In the entries below, find the line with "He publicado nuevos", then set it down exactly along with each line after it to the end, skipping any pictures.
Top of Task input
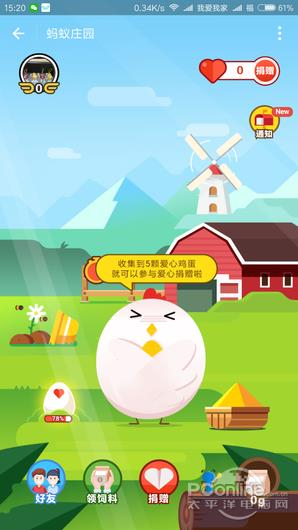 除了种树,支付宝还能养鸡,用户可以在蚂蚁庄园领养虚拟小鸡,之后需要获取饲料按时喂养,吃饱之后,鸡会下爱心蛋,而爱心蛋可用于捐赠公益项目。
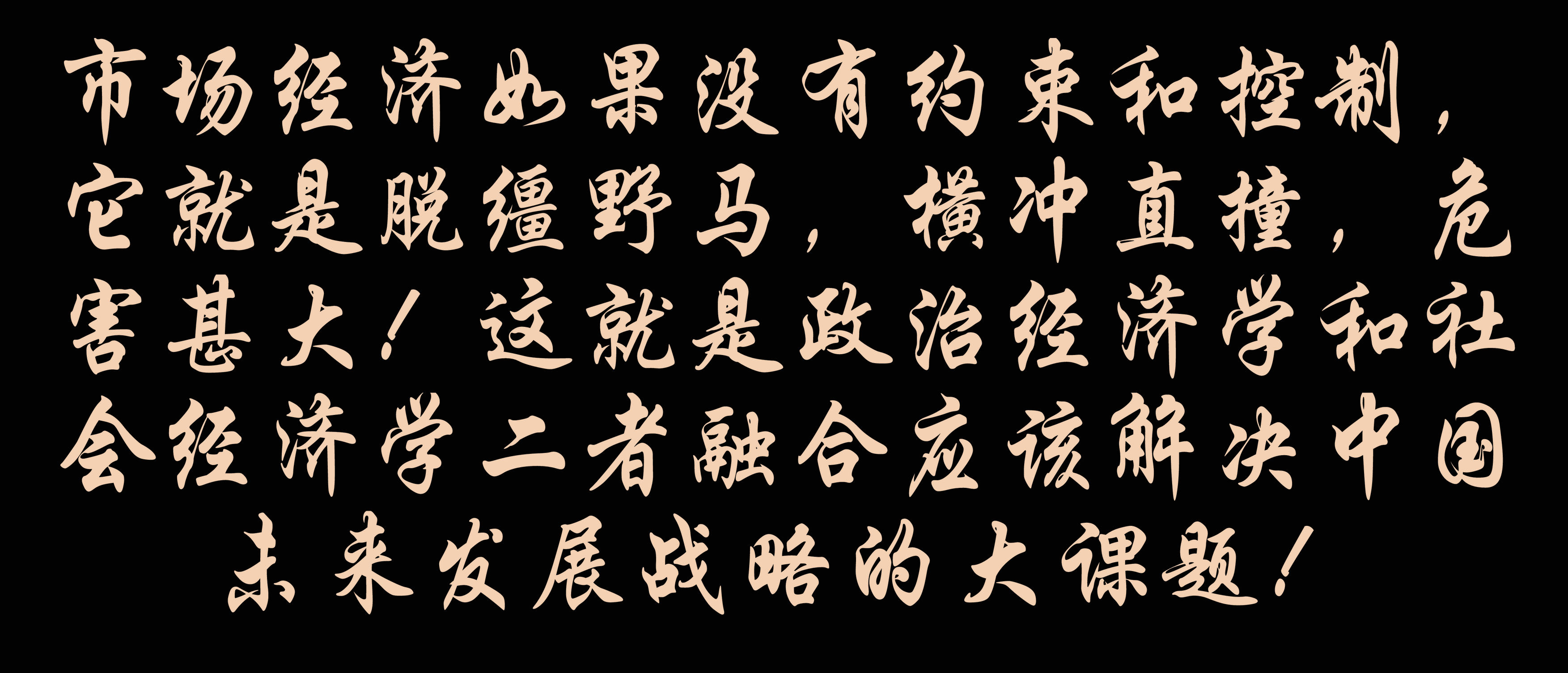市场经济如果没有约束和控制,它就是脱缰野马,横冲直撞,危害甚大!这就是政治经济学和社会经济学二者融合应该解决中国发展战略的大课题!
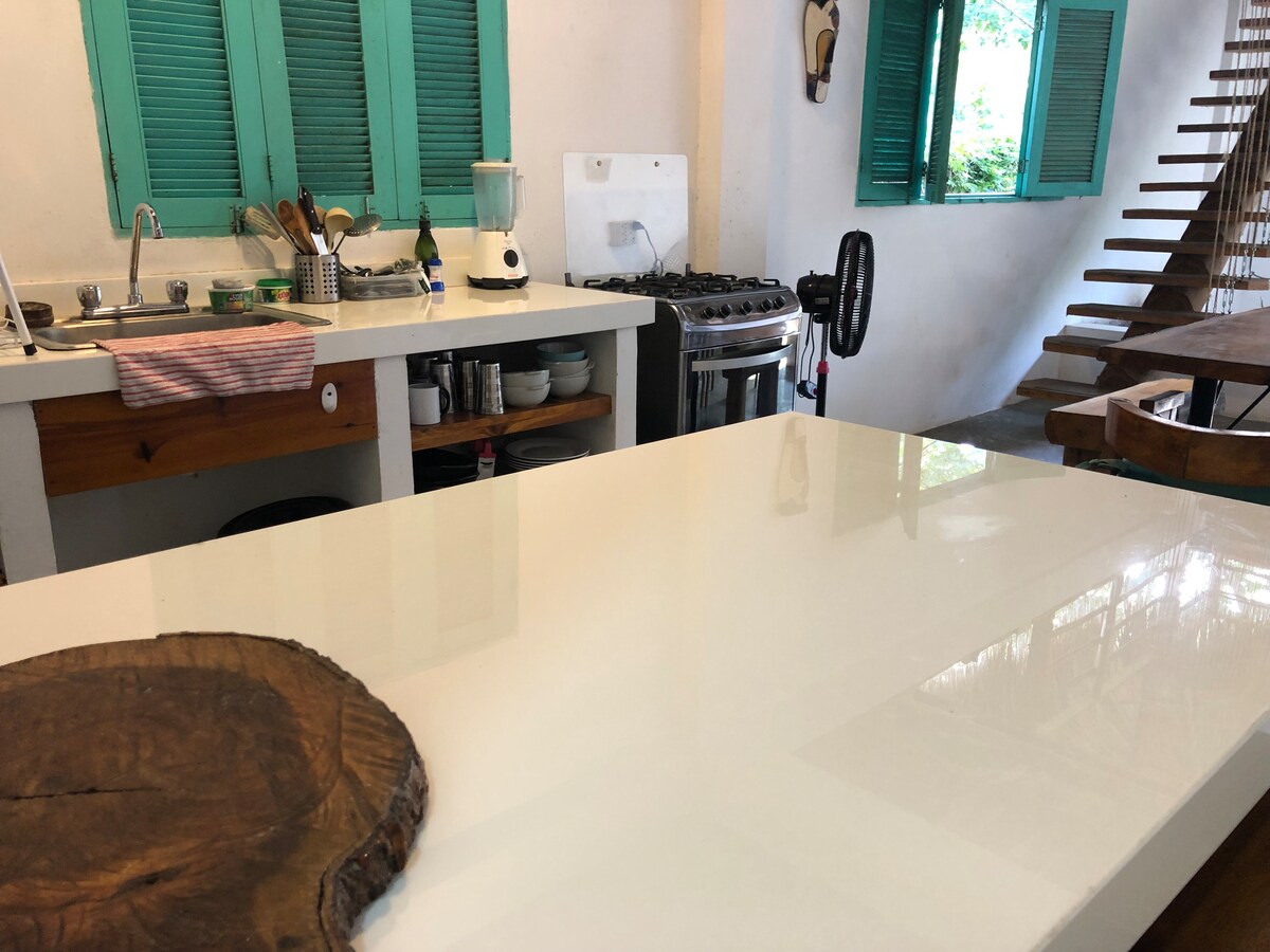 Una casa cómoda, privada, ecológica y muy acogedora. Ubicada en un paraíso natural sobre el mar y rodeada por la selva tropical. Si eres amante de la naturaleza estas en tu salsa... Playa, aves, monos , vista exuberante y meditación en privacidad y tranquilidad, ideal para descansar. Estamos equipados con paneles solares que garantizan un suministro continuo de energía eléctrica, sin interrupciones, para una estancia sin preocupaciones. Además, contarás con Wi-Fi disponible todo el tiempo.
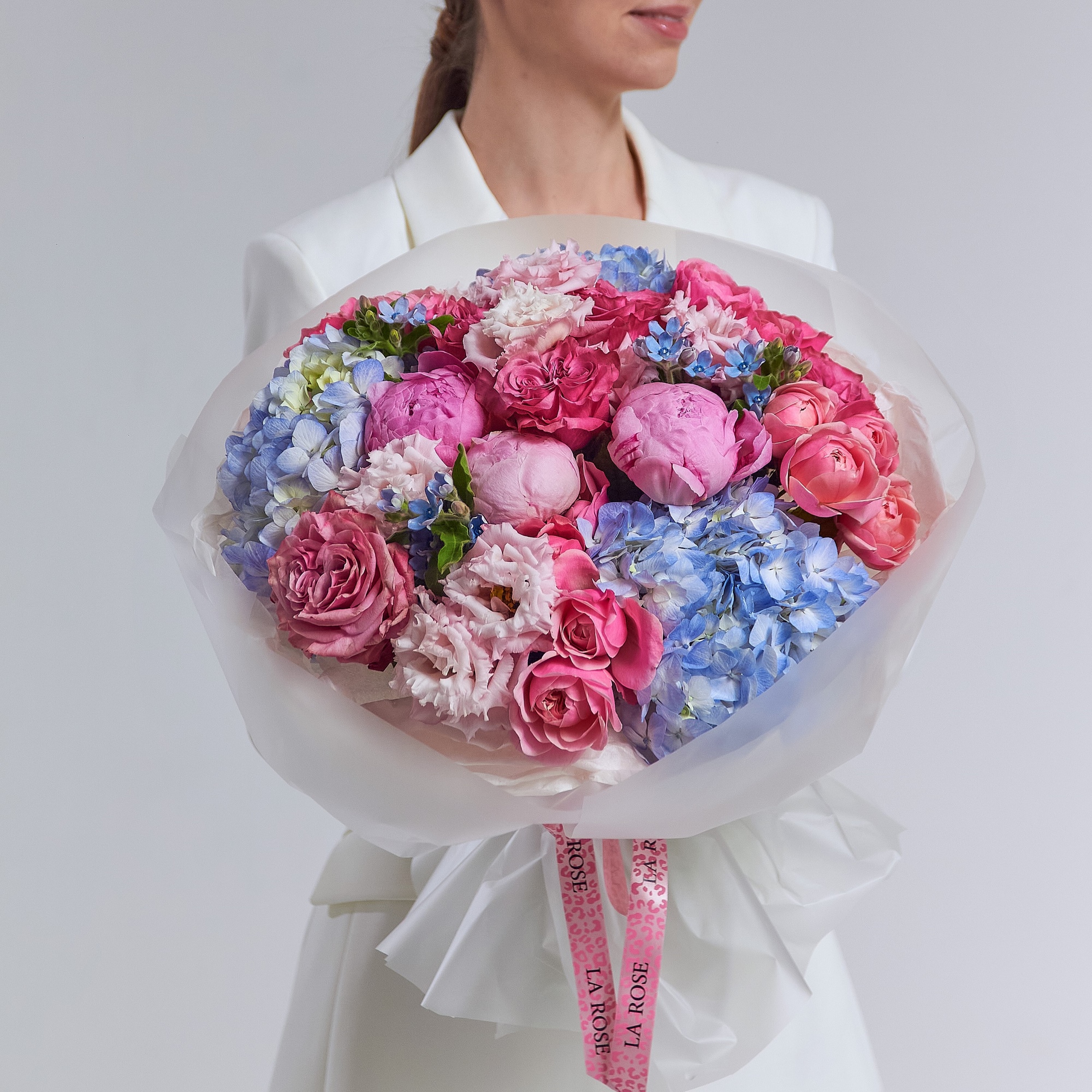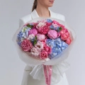 Состав: Пион Sarah Bernhardt, Оксипеталум Tan Pur Blu, Фисташка, Эустома G Alissa Pink, Роза кустовая Сильва Пинк, Роза Эквадор Кантри Блюз, Гортензия Колумбия
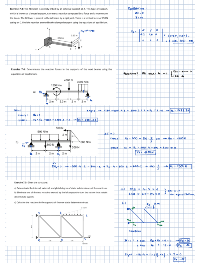 He publicado nuevos ejercicios de 2º Elasticidad y Resistencia de Materiales: 7.-Reaction-and-forces-excercises.pdf
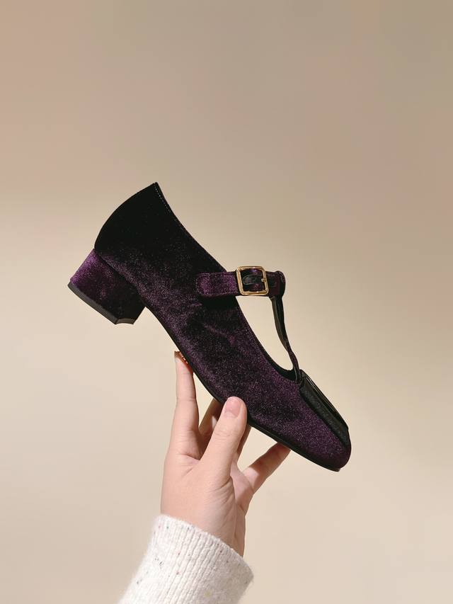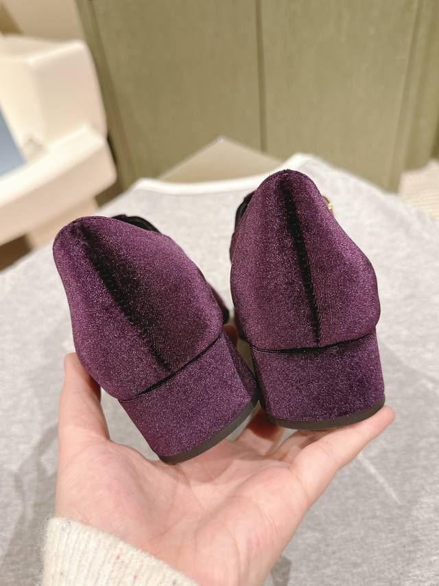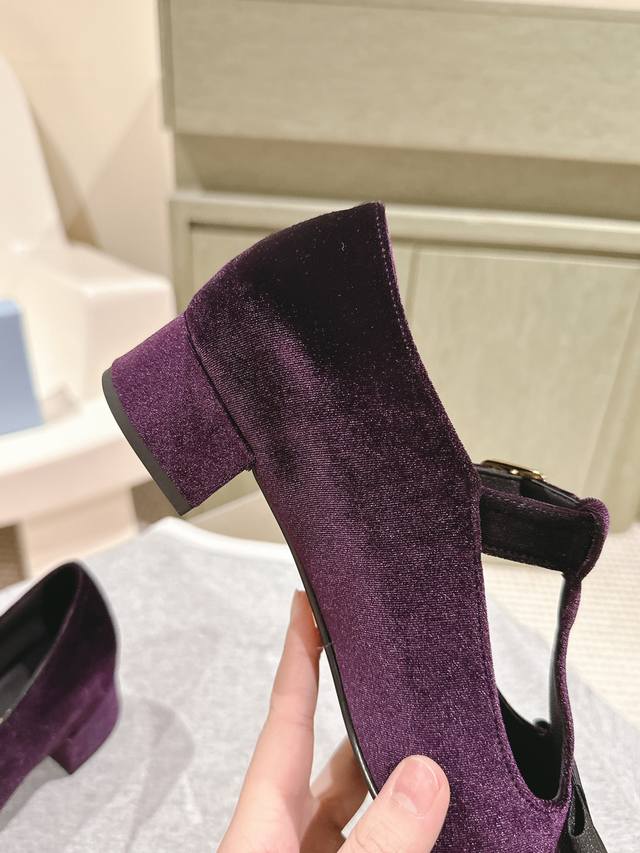 普拉达25 S早春新品 顶级版本,prad*新款三角标丝绒蝴蝶结玛丽珍单鞋 复古又时髦 粗跟设计超好穿 简约大气 原版购入1:1打造 细节感拉满。新年新气象!上脚百搭舒适!
Bottom of Task input
▸ **Finished task**
 He publicado nuevos ejercicios de 2º Elasticidad y Resistencia de Materiales: 7.-Reaction-and-forces-excercises.pdf
 普拉达25 S早春新品 顶级版本,prad*新款三角标丝绒蝴蝶结玛丽珍单鞋 复古又时髦 粗跟设计超好穿 简约大气 原版购入1:1打造 细节感拉满。新年新气象!上脚百搭舒适!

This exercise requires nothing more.